While, I’m moaning, there are other wrinkles. For instance, I dragged and dropped a selection of MP3, WMA and FLAC files over to the Archos 3. The MP3 files were correctly stored by album and artist, but the WMA and FLAC files were dumped in a folder marked ‘Other’. Worse, the MP3 files were listed by alphabetical order within their albums, and not in the running order the artist intended. This is really clumsy, basic stuff, and while the Archos 3 has a good-looking interface, with a choice of desktop backgrounds and a clean, modern feel, I’d rather have a more basic but effective UI any day.
The Archos 3 doesn’t come overstuffed with features, but that doesn’t really bother me. The voice recorder, FM radio, photo viewer and stopwatch are all simple but usable, and I can do without the low-quality games or notepad applications that some PMPs insist on packing in. The one ‘extra’ feature it does offer – a built in FM transmitter – is genuinely useful. It uses the headphone cable as an aerial, which means you need to keep your phones plugged in, but with the FM transmitter switched on the Archos 3 will transmit music directly to your car stereo or kitchen radio.

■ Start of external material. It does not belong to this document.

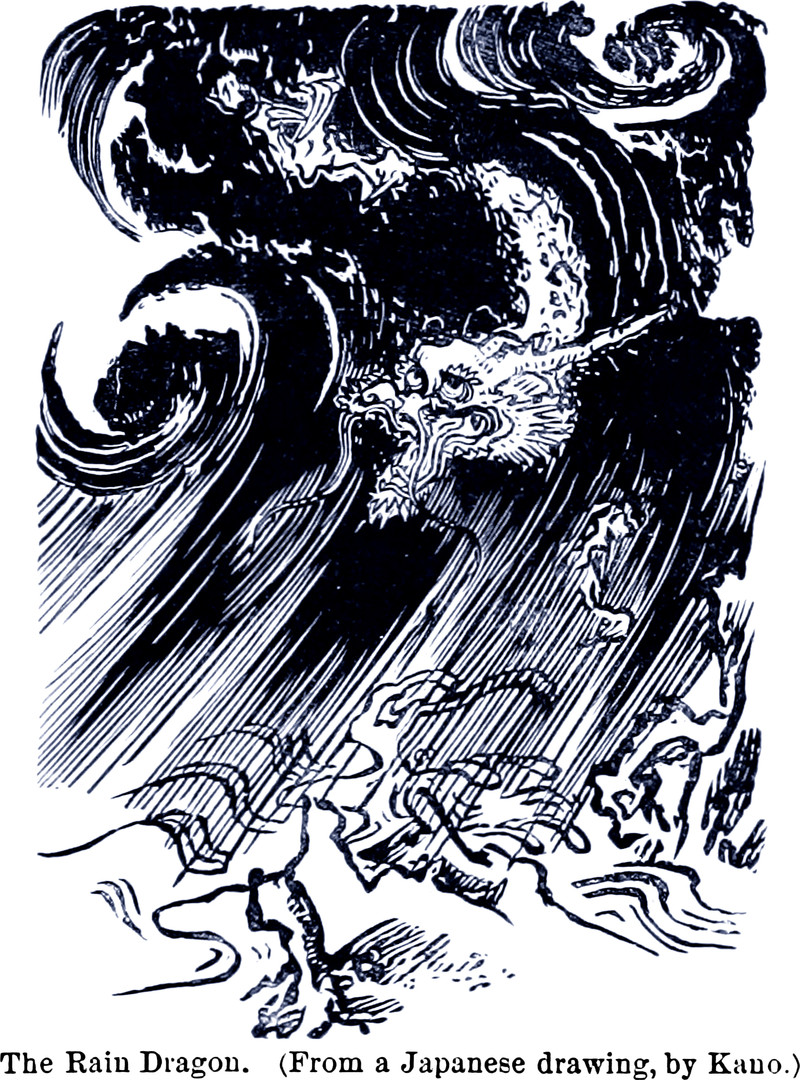 "The rain dragon, from a Japanese drawing by Kano."  From The Mikado's Empire by William Griffis, 1883.

Most importantly, the Archos 3 delivers a good performance when it comes to audio and video playback. Now, to be honest I expected more in terms of video file format support. Archos doesn’t actually list which video formats are supported, but while DivX, AVI and WMV files at SD resolutions worked straight away, H.264 files in M4V, MP4 or MKV containers would not, and nor would the mobile WMV files downloaded from the BBC’s iPlayer service. On the plus side, this is still better than most PMPs on the market and, if you have ripped your DVD collection to DivX, then it’s great to be able to drag and drop files across without conversion.
Playback quality, meanwhile, is very good; smooth, glitch-free and perfectly watchable. In fact, the Archos 3 is one of the smallest PMPs I’ve come across where I could happily watch an hour-long TV programme or a short-ish movie on the thing.